▶ _Exercise brief_:
Your task is to restate word for word the lines in the material below, from the one with "ÀÌ¿Í °°ÀÌ ÃßÃâÇÑ" up to and including the one with "興濟宮董事長吳漢清表示,因為". Do not carry over the pictures.

Start of Records shown

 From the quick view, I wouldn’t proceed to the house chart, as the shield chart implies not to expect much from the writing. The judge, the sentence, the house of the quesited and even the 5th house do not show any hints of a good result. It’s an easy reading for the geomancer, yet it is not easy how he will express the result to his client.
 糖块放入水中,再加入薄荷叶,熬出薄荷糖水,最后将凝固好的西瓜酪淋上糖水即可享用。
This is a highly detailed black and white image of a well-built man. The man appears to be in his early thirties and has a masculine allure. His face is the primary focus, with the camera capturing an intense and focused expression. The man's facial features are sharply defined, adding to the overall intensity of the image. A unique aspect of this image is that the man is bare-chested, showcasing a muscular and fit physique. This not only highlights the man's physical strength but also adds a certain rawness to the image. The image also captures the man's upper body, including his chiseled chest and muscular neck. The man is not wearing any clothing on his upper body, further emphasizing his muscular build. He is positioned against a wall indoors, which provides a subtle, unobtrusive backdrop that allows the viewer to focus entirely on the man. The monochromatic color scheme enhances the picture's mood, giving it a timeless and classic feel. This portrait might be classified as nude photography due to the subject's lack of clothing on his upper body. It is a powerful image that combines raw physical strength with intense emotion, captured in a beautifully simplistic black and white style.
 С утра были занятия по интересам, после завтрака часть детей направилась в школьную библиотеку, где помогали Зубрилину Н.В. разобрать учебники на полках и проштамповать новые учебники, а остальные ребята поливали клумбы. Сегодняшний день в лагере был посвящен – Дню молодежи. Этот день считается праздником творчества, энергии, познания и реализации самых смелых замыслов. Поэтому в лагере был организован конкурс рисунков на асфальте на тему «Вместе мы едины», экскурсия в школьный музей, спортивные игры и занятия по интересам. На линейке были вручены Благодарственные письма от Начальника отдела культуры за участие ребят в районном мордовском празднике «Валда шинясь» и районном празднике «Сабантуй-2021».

End of Records shown
Start of Records shown

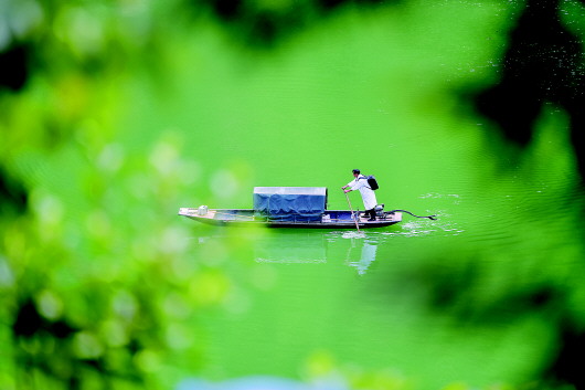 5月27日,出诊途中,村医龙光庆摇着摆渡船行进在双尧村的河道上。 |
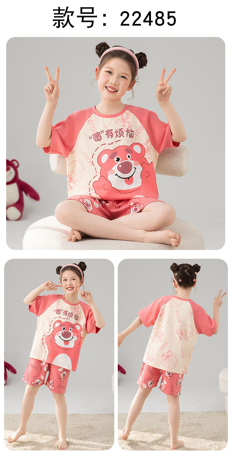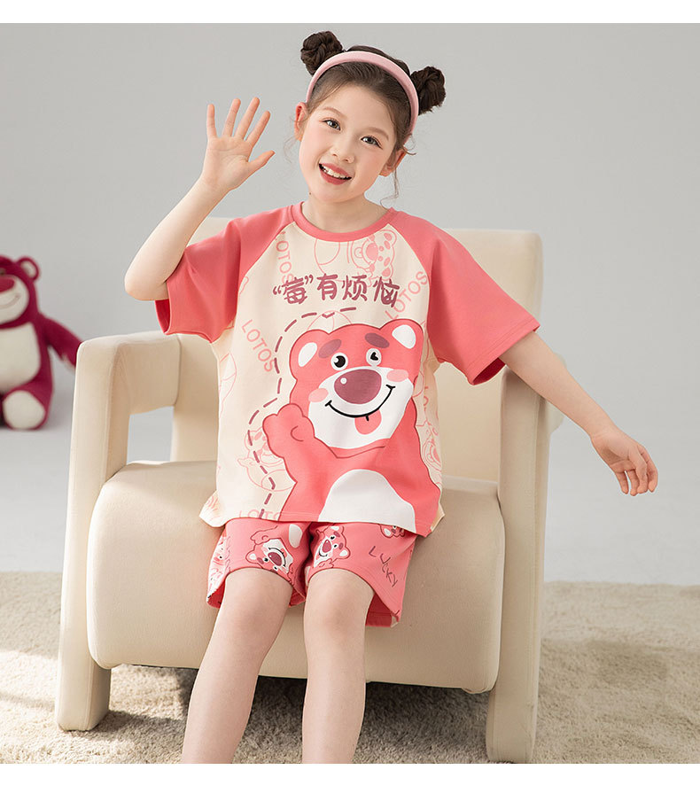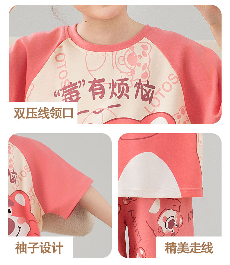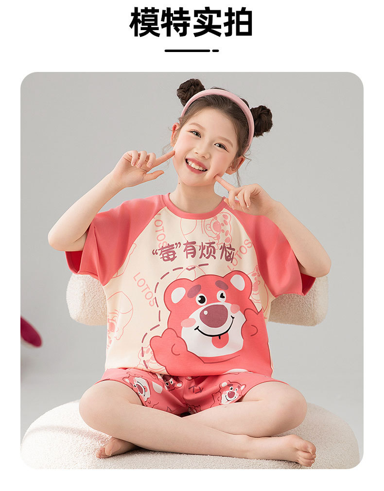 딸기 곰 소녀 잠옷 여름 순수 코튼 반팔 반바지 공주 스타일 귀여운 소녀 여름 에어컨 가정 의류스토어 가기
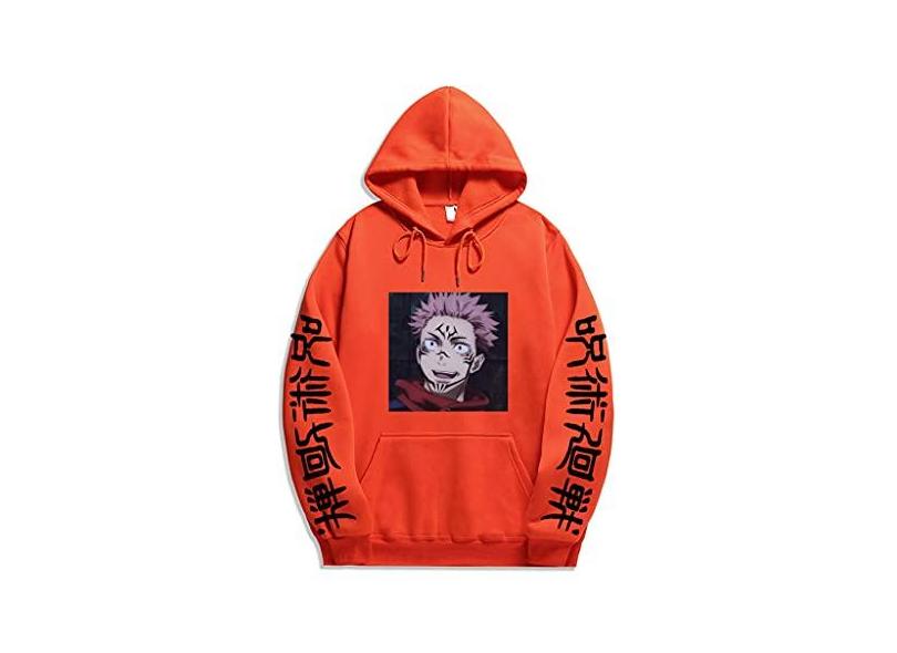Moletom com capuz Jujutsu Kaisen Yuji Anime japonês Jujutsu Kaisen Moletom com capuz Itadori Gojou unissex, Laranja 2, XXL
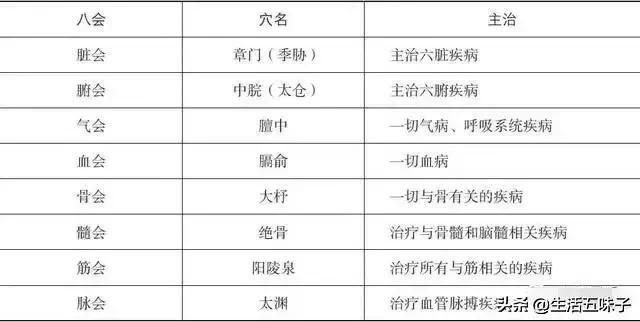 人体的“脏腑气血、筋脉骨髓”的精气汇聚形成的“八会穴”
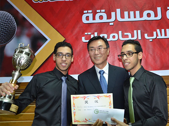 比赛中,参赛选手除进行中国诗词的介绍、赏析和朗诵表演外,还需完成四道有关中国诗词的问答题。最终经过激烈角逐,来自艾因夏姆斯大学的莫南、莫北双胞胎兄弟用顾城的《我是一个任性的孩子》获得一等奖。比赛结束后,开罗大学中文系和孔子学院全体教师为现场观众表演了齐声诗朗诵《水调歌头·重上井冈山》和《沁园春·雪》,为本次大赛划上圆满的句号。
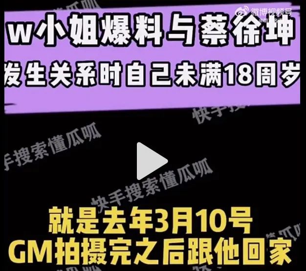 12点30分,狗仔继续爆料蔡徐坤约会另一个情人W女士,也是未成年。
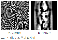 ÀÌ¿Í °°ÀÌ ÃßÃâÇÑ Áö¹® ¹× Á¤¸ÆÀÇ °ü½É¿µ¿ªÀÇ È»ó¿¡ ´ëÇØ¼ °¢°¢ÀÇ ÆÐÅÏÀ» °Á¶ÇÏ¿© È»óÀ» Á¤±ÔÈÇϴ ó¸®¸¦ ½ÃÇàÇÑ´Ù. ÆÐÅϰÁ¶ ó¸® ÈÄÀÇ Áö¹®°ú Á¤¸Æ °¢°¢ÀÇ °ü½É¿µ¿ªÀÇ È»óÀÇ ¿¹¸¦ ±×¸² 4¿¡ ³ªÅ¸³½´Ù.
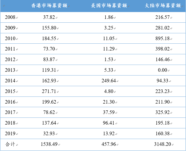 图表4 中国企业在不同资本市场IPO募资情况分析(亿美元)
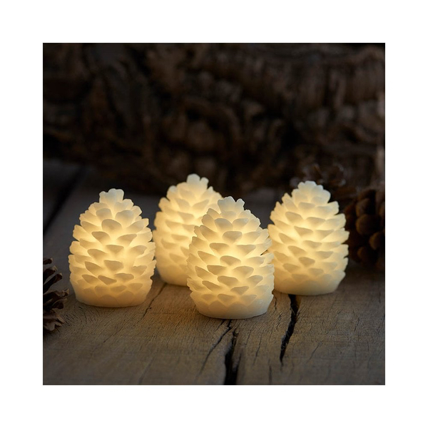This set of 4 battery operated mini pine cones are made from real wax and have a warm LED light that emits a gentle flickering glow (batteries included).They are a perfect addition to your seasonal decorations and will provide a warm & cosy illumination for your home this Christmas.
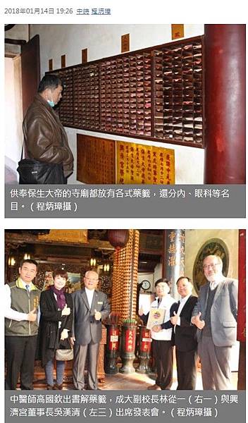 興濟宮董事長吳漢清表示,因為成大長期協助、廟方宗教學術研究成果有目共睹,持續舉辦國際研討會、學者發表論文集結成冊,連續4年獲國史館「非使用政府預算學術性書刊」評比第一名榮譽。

End of Records shown
Start of Records shown

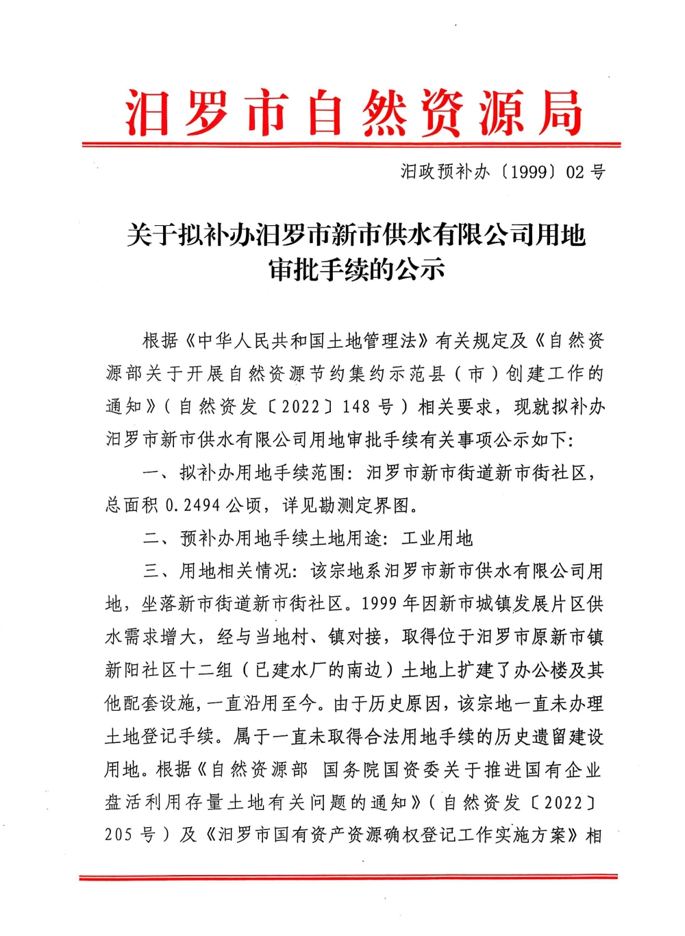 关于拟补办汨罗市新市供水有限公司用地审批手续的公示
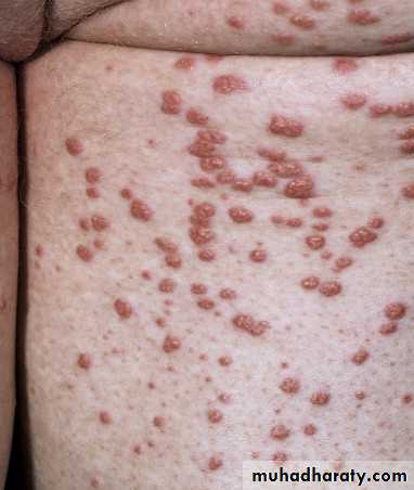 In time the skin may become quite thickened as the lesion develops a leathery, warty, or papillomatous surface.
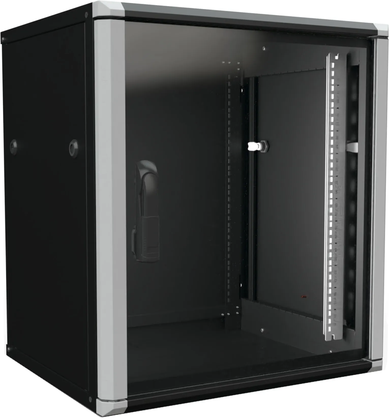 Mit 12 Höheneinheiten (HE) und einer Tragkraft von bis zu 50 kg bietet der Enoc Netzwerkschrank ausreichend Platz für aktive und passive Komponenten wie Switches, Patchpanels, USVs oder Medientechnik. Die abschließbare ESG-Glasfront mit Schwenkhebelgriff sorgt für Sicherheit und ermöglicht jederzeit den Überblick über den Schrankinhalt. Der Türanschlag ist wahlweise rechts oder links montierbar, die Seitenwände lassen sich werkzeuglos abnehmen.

End of Records shown

▶ _Task answer_:
 ÀÌ¿Í °°ÀÌ ÃßÃâÇÑ Áö¹® ¹× Á¤¸ÆÀÇ °ü½É¿µ¿ªÀÇ È»ó¿¡ ´ëÇØ¼ °¢°¢ÀÇ ÆÐÅÏÀ» °Á¶ÇÏ¿© È»óÀ» Á¤±ÔÈÇϴ ó¸®¸¦ ½ÃÇàÇÑ´Ù. ÆÐÅϰÁ¶ ó¸® ÈÄÀÇ Áö¹®°ú Á¤¸Æ °¢°¢ÀÇ °ü½É¿µ¿ªÀÇ È»óÀÇ ¿¹¸¦ ±×¸² 4¿¡ ³ªÅ¸³½´Ù.
 图表4 中国企业在不同资本市场IPO募资情况分析(亿美元)
This set of 4 battery operated mini pine cones are made from real wax and have a warm LED light that emits a gentle flickering glow (batteries included).They are a perfect addition to your seasonal decorations and will provide a warm & cosy illumination for your home this Christmas.
 興濟宮董事長吳漢清表示,因為成大長期協助、廟方宗教學術研究成果有目共睹,持續舉辦國際研討會、學者發表論文集結成冊,連續4年獲國史館「非使用政府預算學術性書刊」評比第一名榮譽。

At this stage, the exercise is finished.